### Source material:
---*---

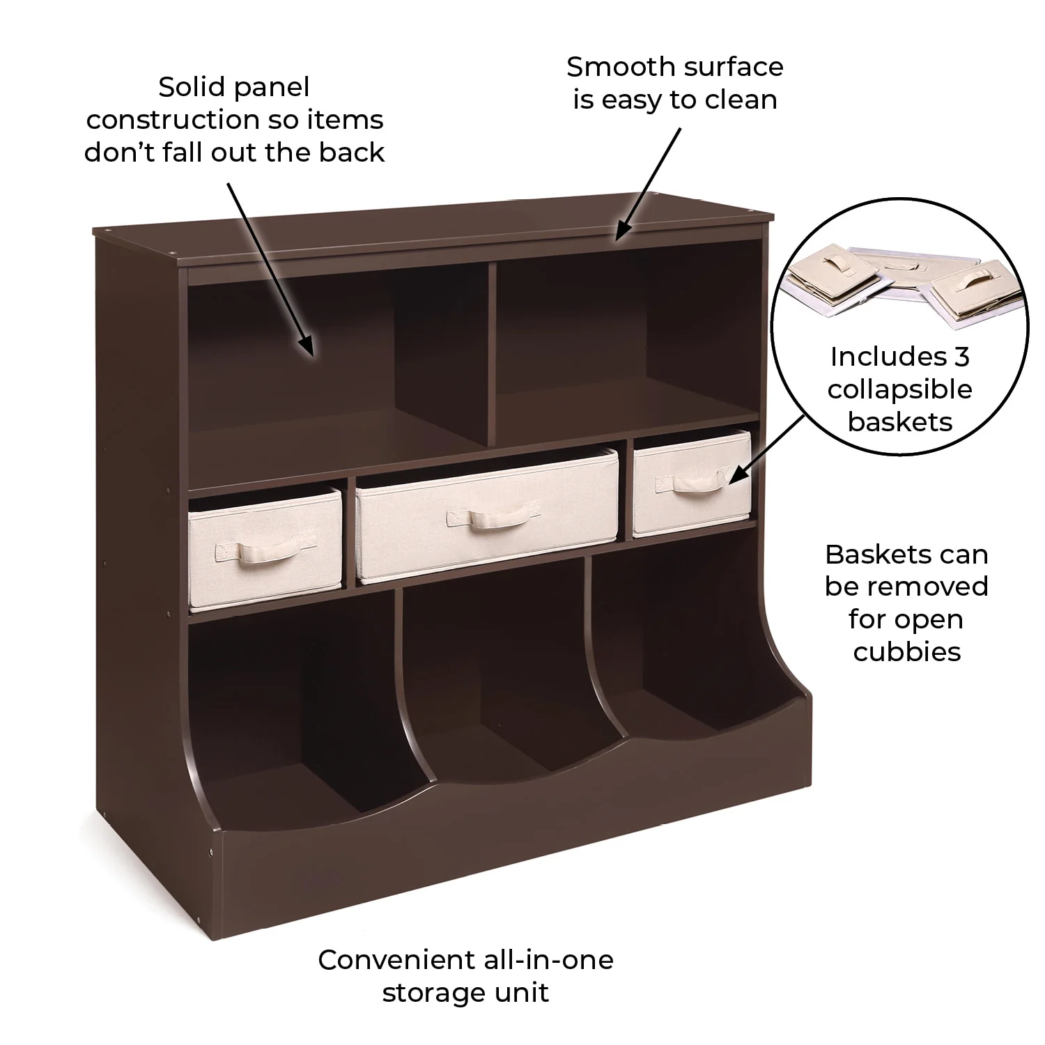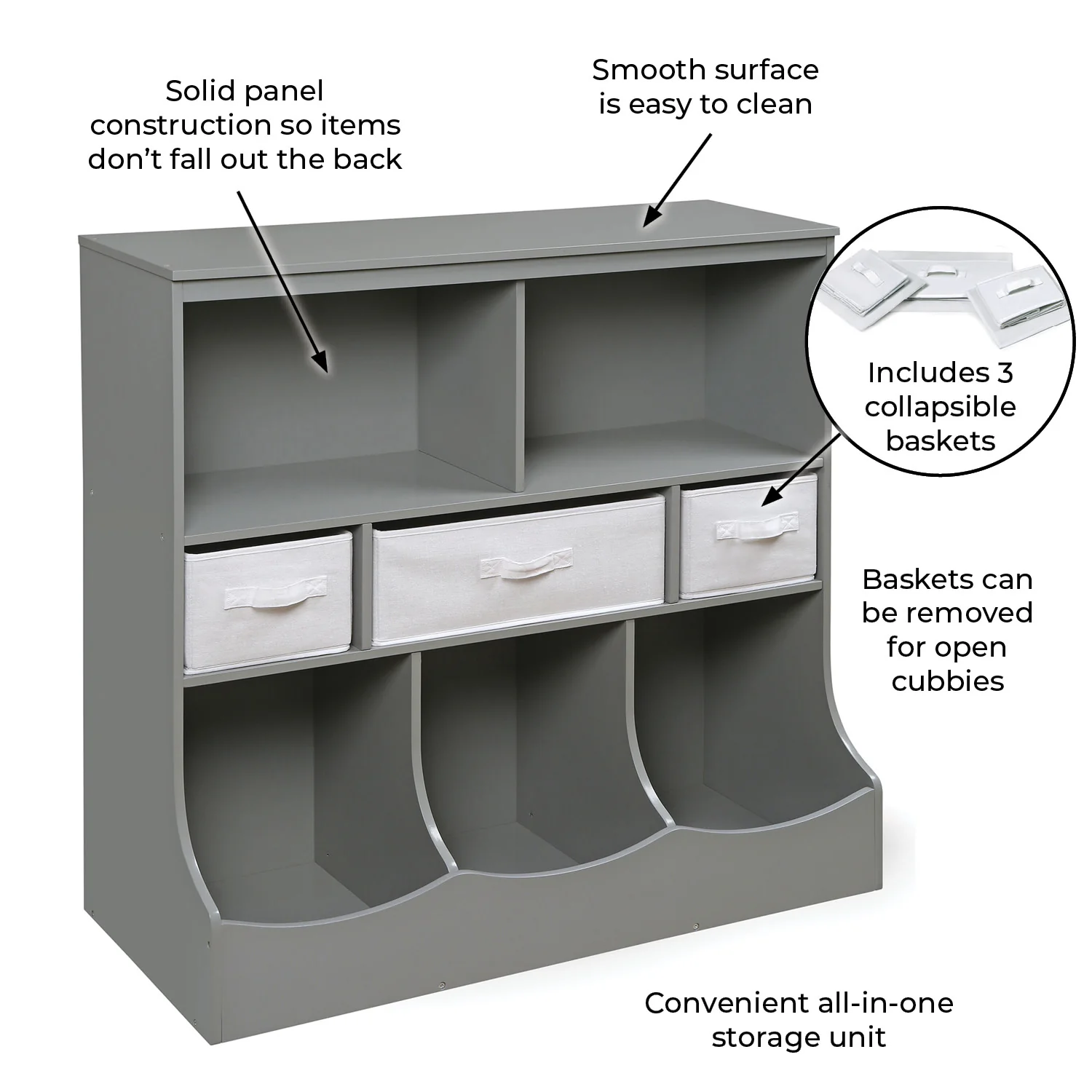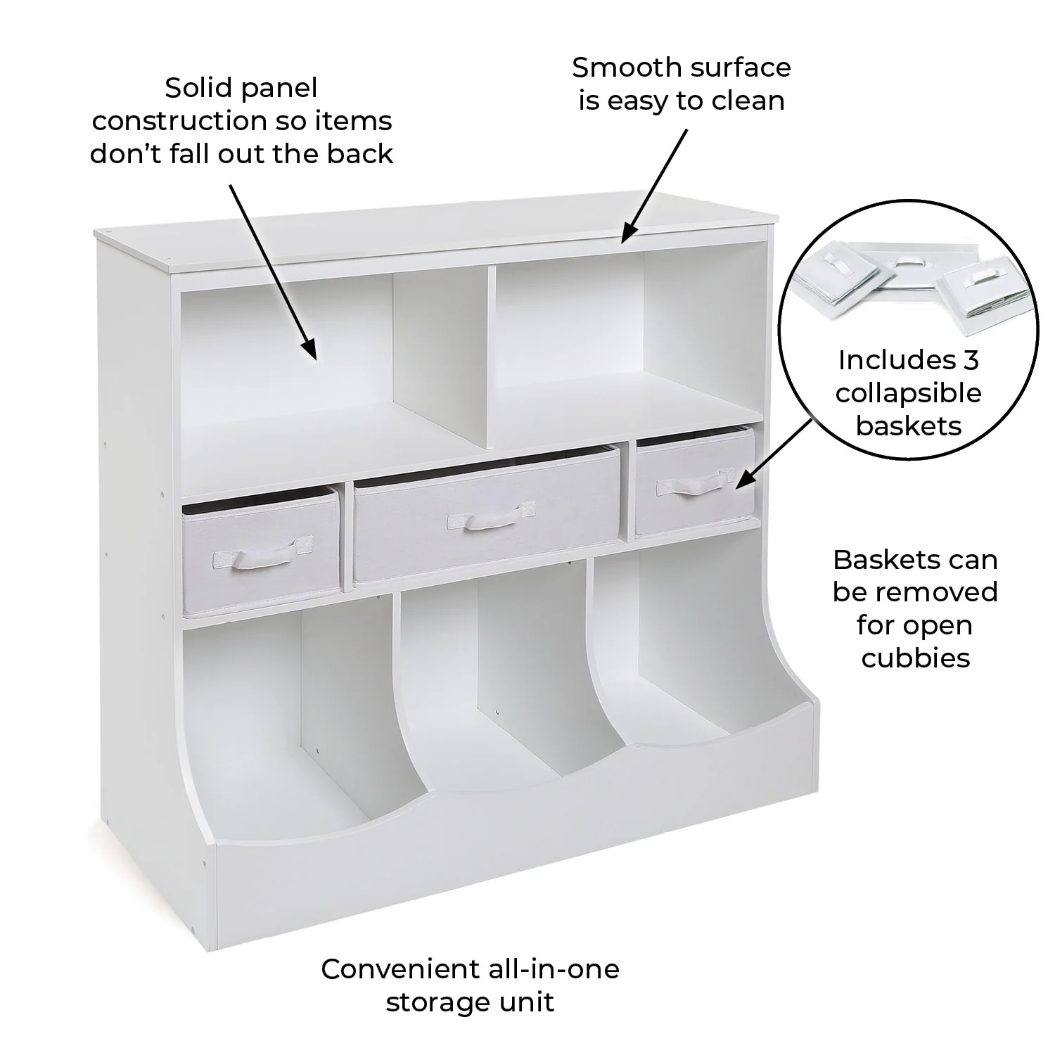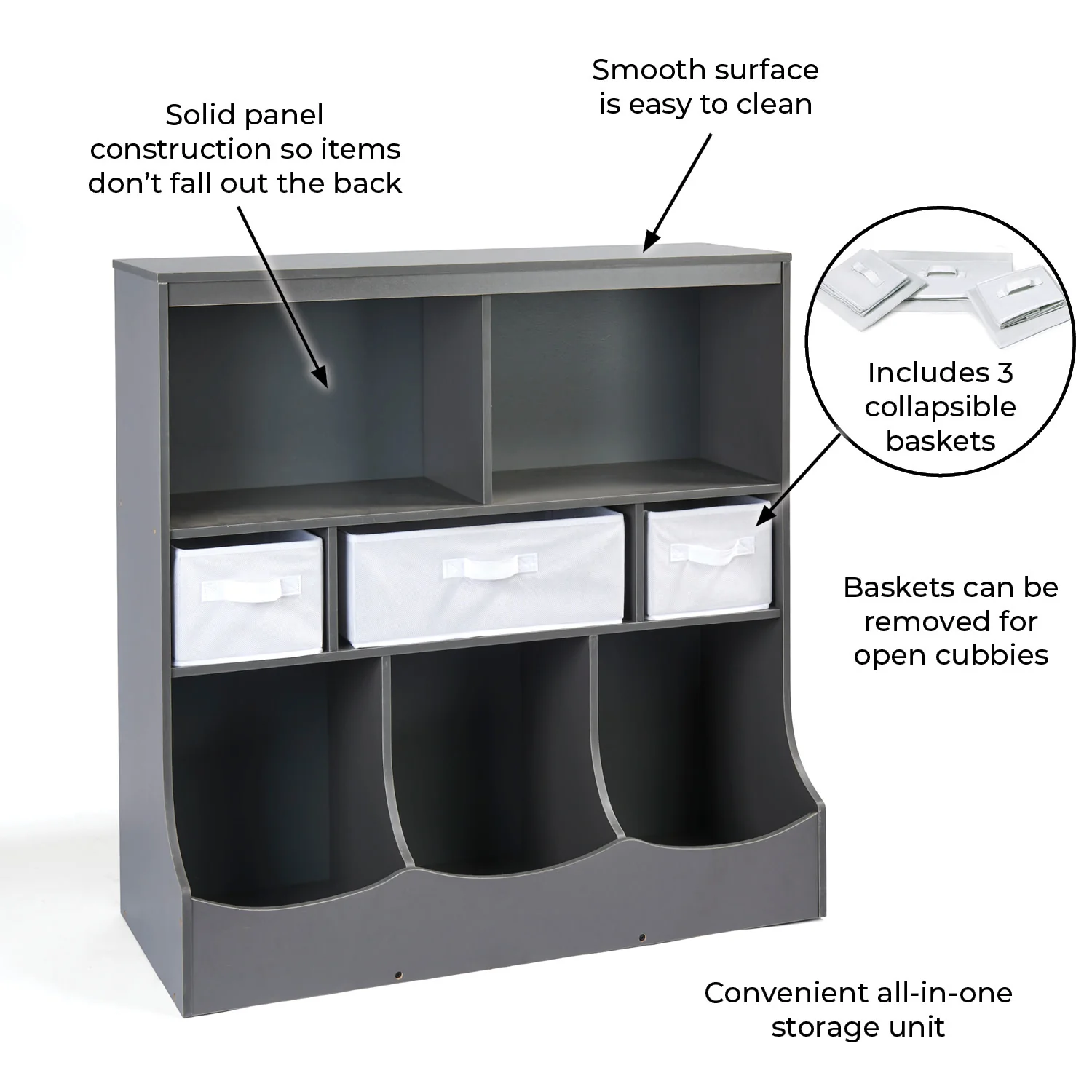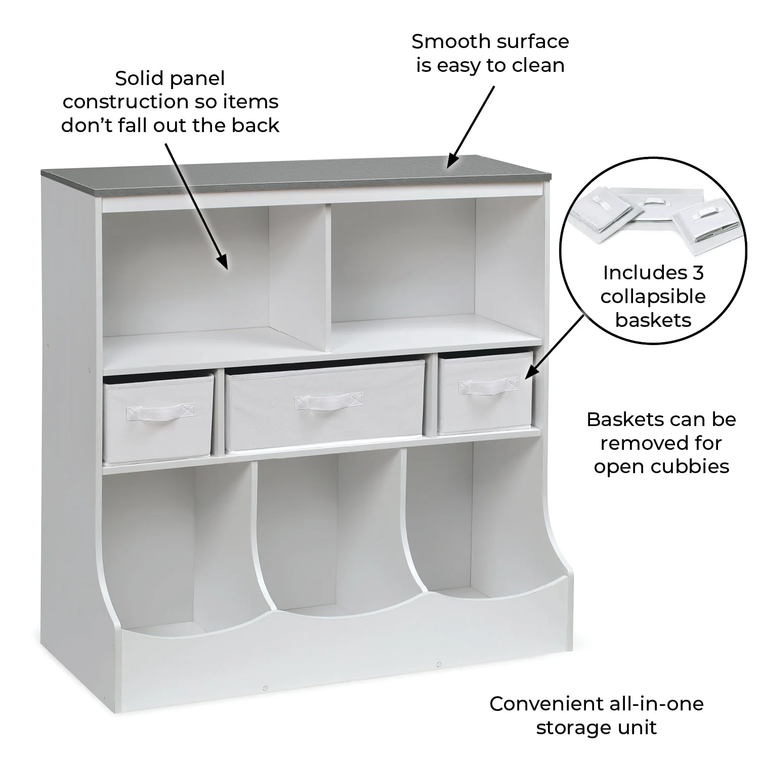 - Features two open shelves, three baskets in two different sizes, and three cubby bins.
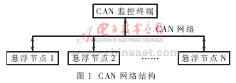 對(duì)于多點(diǎn)懸浮控制來說,為了降低風(fēng)險(xiǎn)和提高控制靈活性,1個(gè)懸浮點(diǎn)一般由1個(gè)單獨(dú)的控制器控制,各個(gè)懸浮點(diǎn)和監(jiān)控節(jié)點(diǎn)的關(guān)系如圖1所示。CAN監(jiān)控終端也是CAN網(wǎng)絡(luò)中的一個(gè)普通節(jié)點(diǎn),通過雙絞線連入整個(gè)網(wǎng)絡(luò)。
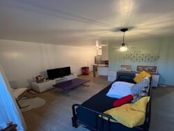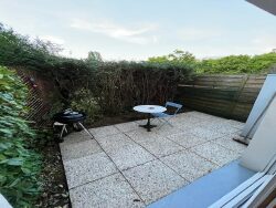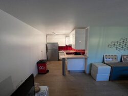 Entrée, séjour, coin cuisine, salle de bain et WC. Logement en RDC avec terrasse + place de stationnement.

---*---

### Exercise aim:
Except for the pictures, the whole listing above should be transcribed exactly.

### Task result:
 - Features two open shelves, three baskets in two different sizes, and three cubby bins.
 對(duì)于多點(diǎn)懸浮控制來說,為了降低風(fēng)險(xiǎn)和提高控制靈活性,1個(gè)懸浮點(diǎn)一般由1個(gè)單獨(dú)的控制器控制,各個(gè)懸浮點(diǎn)和監(jiān)控節(jié)點(diǎn)的關(guān)系如圖1所示。CAN監(jiān)控終端也是CAN網(wǎng)絡(luò)中的一個(gè)普通節(jié)點(diǎn),通過雙絞線連入整個(gè)網(wǎng)絡(luò)。
 Entrée, séjour, coin cuisine, salle de bain et WC. Logement en RDC avec terrasse + place de stationnement.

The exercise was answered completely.